All of it, utterly hysterical.

NIHILISTIC: Man Vs Food

Screenshot via Food Network

If you are feeling existential and would like to wallow in it, may I suggest flicking on an episode of Man Vs Food (extremely not British, I know, but its deepest-held ideals – pulled pork, bacon compulsion in lieu of a personality – have become embedded enough in our food culture for it to still count). Let the wastefulness of a foot-wide cheeseburger wash over you; wonder about the point of literally anything at all as a guy who looks like he owns a Female Body Inspector T-shirt tries once again to eat 70 chicken wings coated in chocolate ghost chilli sauce and vomits all over himself.
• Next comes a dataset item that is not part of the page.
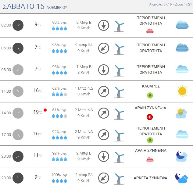 Ηλιοφάνεια στις περισσότερες περιοχές, με κατά τόπους περιορισμένη ορατότητα τις πρωινές και βραδινές ώρες, ισχυροί βόρειοι άνεμοι στις Νότιες Κυκλάδες και τα Δωδεκάνησα, αμετάβλητη θερμοκρασία.

Nothing matters. It's comforting, really.

WEEKDAY HUNGOVER: The cooking bit on This Morning

Screenshot via

Holly and Phil, lovely Holly and Phil. Holly is stroking your hair and saying, "It's OK." Schofe – silver fox Schofe – he is smiling, and saying, "Shhh." They are not actually saying these things, you understand, but watching their easy banter and kind faces on the television is comforting you and your sore head and your sicky belly, and they might as well be.

You know the hangover will only ease off if you eat something, but you have not moved for many hours, so you settle for the next best thing: watching lovely Holly and lovely Phil watch Gino D'Acampo make a quiche which is "perfect for summer picnics and barbecues". Someone has said something vaguely dirty, like "stick it in", and they are all laughing. It is so lovely. You are smiling now. Your bad head is cured, your drunk texts deleted from history, your vomit cleaned up off the sides of the sink. Holly and Phil have made everything better.